COMP 40 Assignment: Interfaces, Implementations, and Images

Interfaces and design checklists for parts A and B Tuesday, September 20 at 11:59PM. Full assignment (all of parts A, B, C, D, and E) due Sunday, September 25 at 11:59PM.

Please read the entire assignment before starting work.

Purpose

This assignment has four goals:

To spur you to think more deeply about programming technique
To give you practice designing your own interfaces, not just using interfaces designed by other people
To give you practice thinking about what familiar algorithms and data structures you can use to solve new problems
To lay a foundation for future assignments. In these future assignments,
- You will learn about locality, its effects on performance, and how to change the locality of a program.
- You will understand how data structures in a high-level language map to machine structures, and how to improve space performance by programming directly with machine structures.
- You will learn to improve the performance of programs by code tuning

The abstractions you build in this assignment will help you represent and manipulate digital images.

Preliminaries

In Hanson's C interfaces and implementations, refresh your memory about exceptions (Section 4.1) and memory management (Section 5.1). Study the Bit abstraction defined in Chapter 13 and the UArray abstraction defined in the supplemental chapter.

Part A: Two-Dimensional, Polymorphic, Unboxed Arrays

In the supplement to Hanson, Dave Hanson and I provide an abstraction that implements unboxed one-dimensional arrays.
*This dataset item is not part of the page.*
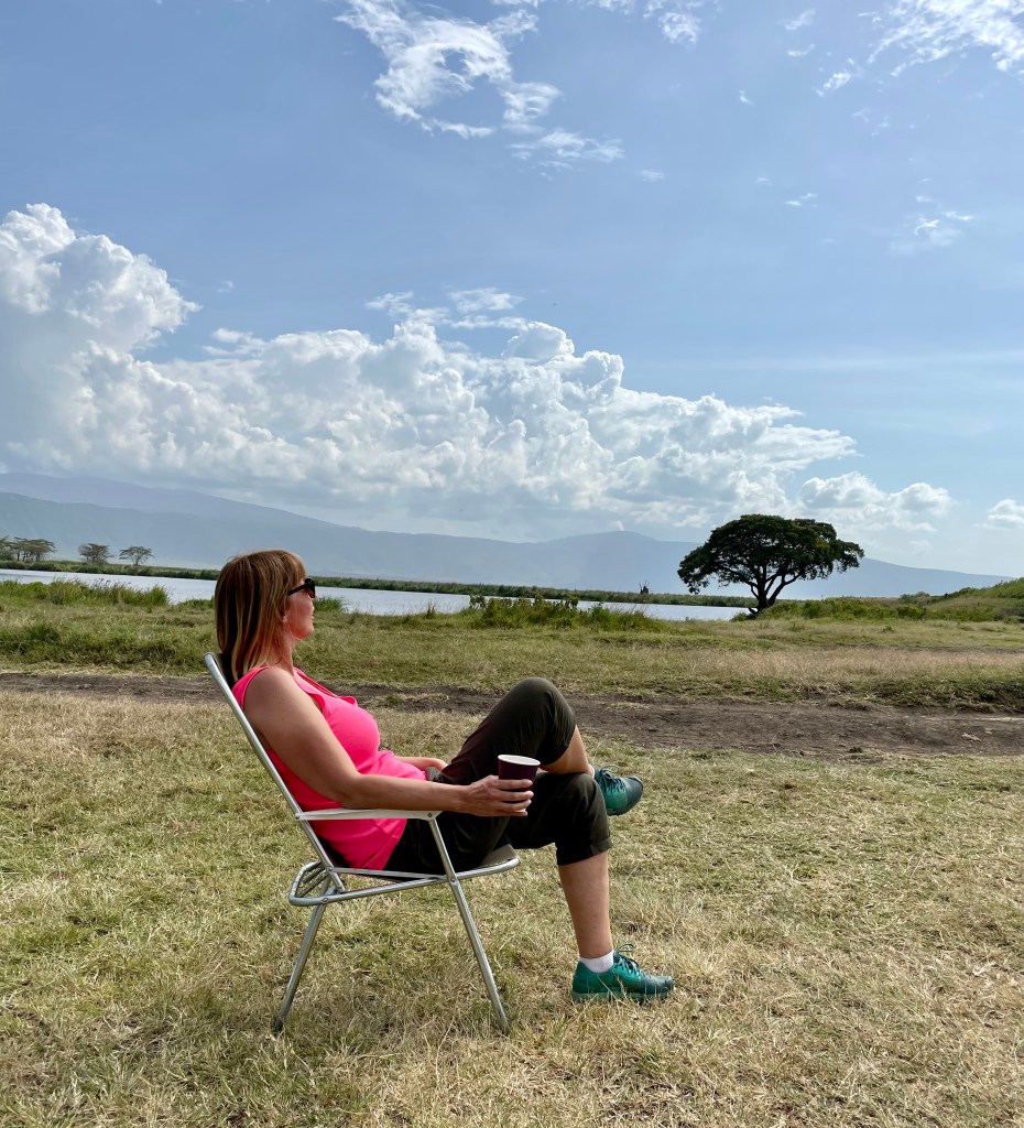 Megtudtuk hogy előző nap nyitottak és mi voltunk az első vendégeik! Az afrikai vadon közepén kényelmesen hátradőlni egy székben, arcodat a símogató napsütés felé fordítani és inni egy isteni kávét, miközben a hátad mögött zebrák vonulnak át és előtted a tóban szuszogva szörcsögnek a vizilovak, ez az igazi rock and roll!

For this part of the assignment, you'll adapt the unboxed-array abstraction to support two-dimensional arrays. Your adaptation will be called UArray2 and should define the type UArray2_T. Your adaptation should include the following changes:

Instead of a length, an UArray2_T will have a width and a height.
Instead of being identified by a single index, an element of an UArray2_T will be identified by two indices: the column or x index measures the distance between the element and the left edge of the array, while the row or y index measures the distance between the element and the top row of the array. Thus the top left element is always indexed by the pair (0,0).
Omit the resize and copy operations.
You must define two analogs of the Bit_map function described on page 201:
- UArray2_map_row_major calls an apply function for each element in the array. Column indices vary more rapidly than row indices.
- UArray2_map_col_major calls an apply function for each element in the array. Row indices vary more rapidly than column indices.
The terms ``row major'' and ``column major'' may be found in Bryant and O'Halloran as well as on Wikipedia.

As in Hanson's code, a reference out of bounds should result in a checked run-time error.

For part A, the problem you are to solve is define an interface and build an implementation for UArray2.
My solution to this problem takes about 100 lines of C code.

Hints:

The key to this problem is to set up an implementation in which the elements of your two-dimensional array are in one-to-one correspondence with elements of one or more one-dimensional UArray_Ts. The key question to answer is
How do you relate each element in a two-dimensional array to a corresponding element in some one-dimensional array?
If you have a precise answer to this question, the code is pretty easy to get right. If not, it's easy to get lost chasing pointers.
Don't worry about performance; aim for simplicity.
If you feel compelled to worry about performance, you may make simple code improvements provided you justify them. Don't try anything radical; premature optimization is the root of much evil.
Think carefully about what should be the prototype for the apply function passed to UArray2_map_col_major and UArray2_map_row_major.
The pixels in a portable gray map are stored in row-major order, so one way to test your UArray2 mapping functions is to write a simple program that reads and writes a graymap by calling UArray2_map_row_major with a function argument that calls Pnmrdr_get from the Pnmrdr interface. If you compare results with diff -bu you should be able to get the same output as pnmtoplainpnm.
If you read with UArray2_map_col_major and write with UArray2_map_row_major, you should be able to duplicate the effect of pnmflip -transpose.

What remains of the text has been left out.